Which is the "roundest man-made object": Gravity probe B rotor or the Avogadro project sphere? The Avogadro project is part of the efforts to replace the artefact-based standard kilogram with a definition based on naturally reproducible objects. The main challenge is to make a very precise sphere of isotopicaly pure silicon. There are often-repeated popular claims that the silicon sphere from the Avogadro project is the "roundest object ever made by man".
However, the same title is ascribed to rotors of Gravity Probe B's gyroscopes, even earning then a certificate from Guinness book of World Records. 
So, which one is rounder (in appropriately defined way) -- the silicon sphere or the Gravity Probe B rotor?
 A: Gravity Probe B had four gyros, so one would expect that they made some spare rotors.  There is a notation on the Gravity Probe B Website that Gyro #4 was replaced before launch.  So very likely there is a spare Gravity Probe B rotor sitting in a box somewhere that is the roundest object on Earth.
BTW the coefficient of thermal expansion of silicon is 2.6e-6 per degree C so unless you keep the sphere's temperature really uniform then it will develop thermal asymmetries.
A: On the one hand, the caption under the image of the sphere being held by one of the member of The Avogadro Project reads as follows:

The roundness delta of the finished sphere (being held above) is about
  50 nm on a 93.6 mm diameter. It is believed to be the roundest object
  in the world.

So that its departure from mathematically perfect sphericity is 
$$
\frac{5 \cdot 10^{-8} \text{m}}{93.6 \cdot 10^{-3} \text{m}} \approx 0.053 \cdot 10^{-5} = 5.3 \cdot 10^{-7} 
$$
of its diameter.
On the other hand, the certificate that lists the GP-B gyroscopes in the Guinness Database of World Records as "the most spherical man-made objects" reads as follows:

The most spherical man-made objects are the fused quartz gyroscopic
  rotors onboard the Gravity Probe B Spacecraft operated by NASA and
  Stanford University.
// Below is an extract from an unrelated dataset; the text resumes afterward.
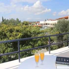 Hotel jest na totalnym (...) , nie ma plaży. Okolica nie przypomina Grecji. Coś co jest nazwane plaża to kamienie pokryte mułem, nie można tam uraczyć błękitnych wód Grecji. Sam hotel czysty, smaczne jedzenie, infrastruktura okej, na dobrym poziomie. Ale formuła all inclusiv pozostawia wiele do życzenia. W beach barze nie obowiązuje. Po 19 na basenie też. Hotel jest oblężony przez turystów z francuskiego klubu, którzy są lepiej traktowani, mają lepszą formułę all i mega uciążliwe animacje

Their average departure from mathematically
  perfect sphericity is only $1.8 \cdot 10^{-7}$ of their diameter.

Therefore, the GP-B gyroscopes are rounder than the Avogadro Project's sphere ($1.8 \cdot 10^{-7}$ vs. $5.3 \cdot 10^{-7}$) but - considering that the first ones are on a satellite - maybe the Avogadro Project team is not lying by claiming that its silicon sphere is "the roundest [man-made?] object in the world".